§5.4 — Multi-Modal Payloads v1.6
Earlier RCAN protocol drafts had JSON-only message payloads. This meant binary data (images, audio, video) had to be transported outside the RCAN trust boundary — breaking the signed-message audit trail. Subsequent revisions add a media_chunks[] field to the message envelope so binary data is hashed and bound to the Ed25519 signature.
hash_sha256 on each chunk. The actual bytes may be stored separately (reference mode) or inline (base64 mode). Either way, the hash in the commitment record is tamper-evident.
media_chunks[] Field Schema
The media_chunks field is an optional array on RCANMessage (top-level envelope, not inside payload). It may contain 1–N chunks.
// RCANMessage envelope extension (v1.6)
{
"id": "uuid",
"type": 10, // e.g. TRAINING_DATA
"payload": { ... },
...
"media_chunks": [ // NEW in v1.6
{
"chunk_id": "uuid-v4", // Required: unique ID for this chunk
"mime_type": "image/jpeg", // Required: RFC 2046 MIME type
"encoding": "base64", // Required: "base64" | "ref"
"hash_sha256": "sha256:4a3f...", // Required: SHA-256 of the raw binary data
"size_bytes": 143872, // Required: byte count of raw binary data
"data_b64": "...", // Required if encoding=="base64"
"ref_url": null, // Required if encoding=="ref"; null otherwise
"ref_expires": null // Unix timestamp: when ref_url becomes invalid
}
]
} Field Reference
| Field | Required | Type | Description |
|---|---|---|---|
chunk_id | ✅ | UUID string | Unique identifier for this media chunk. Referenced in CommitmentRecord. |
mime_type | ✅ | string | RFC 2046 MIME type (e.g. image/jpeg, audio/wav, video/mp4). |
encoding | ✅ | "base64" or "ref" | How the data is delivered: inline or by reference URL. |
hash_sha256 | ✅ | string (sha256:...) | SHA-256 of the raw bytes (before base64). MUST be verified by receiver before use. |
size_bytes | ✅ | integer | Size of the raw binary data in bytes. |
data_b64 | if base64 | string | Base64-encoded binary data. Only present when encoding=="base64". |
ref_url | if ref | string (URL) | Signed URL to fetch the data. Only present when encoding=="ref". |
ref_expires | if ref | integer | Unix timestamp when ref_url expires. Default TTL: 300s (5 min). |
Inline Mode (Base64)
Use inline mode for small binary payloads. The data is embedded directly in the RCAN message JSON as a base64 string.
Size Limit
- Inline mode MUST NOT be used for payloads exceeding 64 KB (65,536 bytes raw data).

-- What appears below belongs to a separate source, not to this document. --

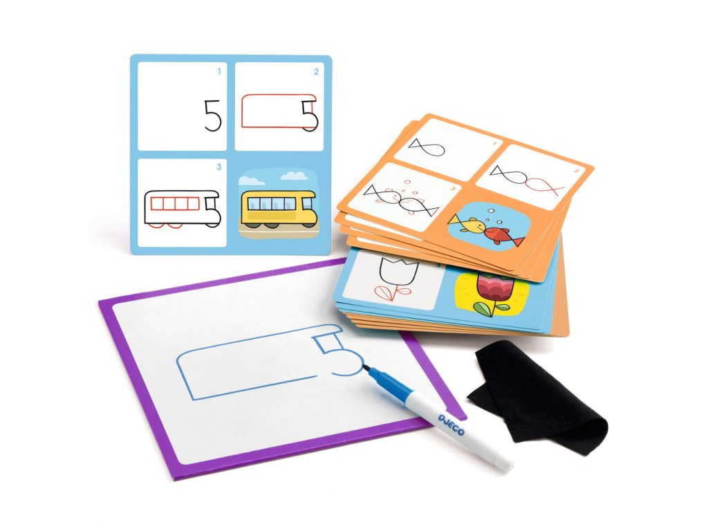 Kreslenie krok za krokom EduludoUčenie kreslenia hravou formou krok za krokomKreatívna edukačná sada z kolekcie Eduludo pomáha deťom zábavným spôsobom rozvíjať kresliarske zručnosti, jemnú motoriku a logické myslenie. Pomocou jednoduchých postupov sa dieťa učí kresliť obrázky krok za krokom, pričom do kresieb sú nápadito zapojené čísla a znaky. Kreslenie sa tak mení na objavovanie, ktoré deti prirodzene baví. Dieťa kreslí stierateľnou fixkou na pevnú lepenkovú dosku podľa predlohových kariet. Hotový obrázok môže jednoducho zotrieť handričkou a skúšať znova – bez stresu a s radosťou z opakovania.Prečo je táto sada skvelá pre deti:

- Base64 encoding overhead: ~33%; a 64 KB binary becomes ~86 KB in the JSON.
- Receivers MUST reject inline chunks where
size_bytes > 65536.
Example: Image Status Response
{
"id": "550e8400-...",
"type": 3, // STATUS
"payload": {
"mode": "active",
"camera_frame": { "chunk_id": "abc-123", "note": "see media_chunks" }
},
"media_chunks": [
{
"chunk_id": "abc-123",
"mime_type": "image/jpeg",
"encoding": "base64",
"hash_sha256": "sha256:9a4f8c...",
"size_bytes": 43520,
"data_b64": "/9j/4AAQSkZJRg..." // Base64-encoded JPEG
}
]
} Receiver Verification
// Receiver MUST verify hash before processing
import hashlib, base64
raw_bytes = base64.b64decode(chunk["data_b64"])

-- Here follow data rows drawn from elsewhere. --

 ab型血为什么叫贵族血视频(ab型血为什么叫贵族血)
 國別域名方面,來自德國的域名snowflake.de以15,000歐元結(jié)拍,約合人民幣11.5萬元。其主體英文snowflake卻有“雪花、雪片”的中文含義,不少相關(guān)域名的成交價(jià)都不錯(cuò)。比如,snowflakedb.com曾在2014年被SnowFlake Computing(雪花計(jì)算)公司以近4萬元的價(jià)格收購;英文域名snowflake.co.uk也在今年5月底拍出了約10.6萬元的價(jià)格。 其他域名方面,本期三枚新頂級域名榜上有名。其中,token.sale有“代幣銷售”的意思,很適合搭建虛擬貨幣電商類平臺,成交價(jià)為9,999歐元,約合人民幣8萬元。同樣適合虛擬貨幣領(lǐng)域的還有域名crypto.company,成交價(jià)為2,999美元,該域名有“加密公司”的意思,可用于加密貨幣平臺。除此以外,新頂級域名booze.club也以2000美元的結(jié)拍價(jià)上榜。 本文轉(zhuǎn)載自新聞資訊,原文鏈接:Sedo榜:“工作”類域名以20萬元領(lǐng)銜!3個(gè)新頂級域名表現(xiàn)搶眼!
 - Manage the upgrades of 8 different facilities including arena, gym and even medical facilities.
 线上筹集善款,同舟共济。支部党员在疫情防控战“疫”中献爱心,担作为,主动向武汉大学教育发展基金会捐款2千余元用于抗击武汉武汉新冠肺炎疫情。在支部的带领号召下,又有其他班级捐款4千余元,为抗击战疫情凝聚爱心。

computed = "sha256:" + hashlib.sha256(raw_bytes).hexdigest()
assert computed == chunk["hash_sha256"], "Media chunk hash mismatch — reject" Reference Mode (ref_url)
Use reference mode for large payloads. The RCAN message carries only the hash and a signed URL; the actual bytes are fetched separately by the receiver.
Signed URL Generation
The sending robot generates a signed URL using HMAC-SHA256 over the chunk content:
// Signed URL format
GET /api/v1/media/{chunk_id}?expires={unix_ts}&sig={hmac_hex}
// HMAC key: derived from robot's Ed25519 private key (first 32 bytes)
// HMAC message: "GET:/api/v1/media/{chunk_id}:{expires}"
// Default TTL: 300 seconds (5 minutes)
// Example ref_url:
"ref_url": "https://robot-042.local/api/v1/media/abc-123?expires=1741003900&sig=4a3f8c..." Size Limits by Transport
| Transport | Max Size (Reference Mode) | Notes |
|---|---|---|
| RCAN-HTTP | 64 MB | HTTPS fetch; robot must serve the media endpoint |
| RCAN-Compact | 512 KB | Media must be fetched via HTTP; ref_url in compact message |
| RCAN-Minimal | Not supported | No media chunks in 32-byte minimal frames |
Robot Media Endpoint
// Required endpoint (v1.6 multi-modal robots):
GET /api/v1/media/{chunk_id}
// Query params:
// expires — Unix timestamp (required when sig present)
// sig — HMAC-SHA256 signature (required)
// Response:
HTTP 200 OK
Content-Type: image/jpeg // mime_type from media_chunks entry
Content-Length: 43520
X-Chunk-Hash: sha256:9a4f8c... // SHA-256 for receiver verification
[binary data]
// Error responses:
HTTP 404 chunk_id not found
HTTP 410 URL expired (expires < now)
HTTP 403 signature invalid CommitmentRecord Extension
Every message with media_chunks MUST extend its CommitmentRecord to include the media hashes. This ensures the audit trail proves exactly what binary data was sent.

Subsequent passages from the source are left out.